What is there to be guilty about?

Less pollution, lighted footprint on the planet. If the human race were genuinely dying out, so that having offspring was necessary to sustain continued life, I might reconsider.

It isn't, is it? Quite the reverse, population increasing

I don't even remember when I switched from thinking I'm too young to have children to thinking I'm too old. Either way, plenty of people are desperate to have children. I'm delighted for them and happy with me the way I am.

SarahFrances89 · 14/12/2020 16:34

I hope I'm not being unreasonable (!) but I do often wonder why people who are childfree and not TTC etc. are on mumsnet?! I absolutely don't think anyone should feel guilty for being childfree or that they should have to explain it to anyone. It's absolutely as valid a decision as the one to have kids and noone is entitled to grandchildren (though it's still valid to be sad you won't get any if that's something you'd hoped for). I hope people can respect your decision!

TeaStory · 14/12/2020 16:38

I hope I'm not being unreasonable (!) but I do often wonder why people who are childfree and not TTC etc. are on mumsnet?!

I’m amazed it took until page 8 for someone to ask this, it’s usually on the first page of threads about being childfree.

The answer, as always, is that Mumsnet has a huge variety of discussions that have nothing to do with children. It’s also one of the few ‘female’ spaces on the internet.
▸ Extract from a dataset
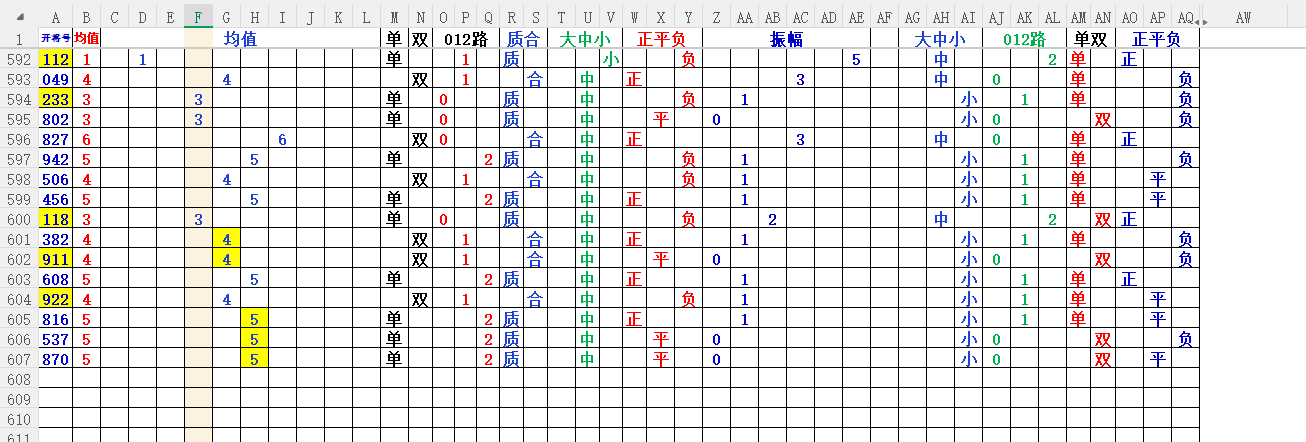 均值:就是开奖号每各数的总和除3,然后得到的余数,如果不够整除可以+1,-1,直到被整除得的数就是均值

SantasBritchesSpelleas · 14/12/2020 16:39

I hope I'm not being unreasonable (!) but I do often wonder why people who are childfree and not TTC etc. are on mums net?!

Bingo! Grin

Whatsthename · 14/12/2020 16:40

@SarahFrances89

I hope I'm not being unreasonable (!) but I do often wonder why people who are childfree and not TTC etc. are on mumsnet?! I absolutely don't think anyone should feel guilty for being childfree or that they should have to explain it to anyone. It's absolutely as valid a decision as the one to have kids and noone is entitled to grandchildren (though it's still valid to be sad you won't get any if that's something you'd hoped for). I hope people can respect your decision!
I'm on MN because I was trying to find support for things I'd suffered and my PTSD online and found MN as others had posted for support or advice and lots of people have helped me over the years under many different usernames.

I also get advice and help on many things - at the moment lots of people are helping me with ideas on how to cook a cabbage.

I also like to talk about books, TV, films, relationships, feminism, see other people's perspectives on the news and current events etc and I'm nosey and like to see how other people live and do things.

SarahFrances89 · 14/12/2020 16:41

@TeaStory fair enough - I've not been on long and have wondered it but not voiced it, so sorry if it's a boring thing to see asked repeatedly when you've been around a while! Really good point about it being one of the few female-dominated spaces on the internet, I hadn't thought of that :) And I haven't actually visited many of the non-parenting-related boards so am clearly missing out on some great content!

SarahFrances89 · 14/12/2020 16:43

@Whatsthename thank you for such a thoughtful answer and I'm really glad to hear you've found such support here (and hope the cabbage-cooking suggestions are useful!)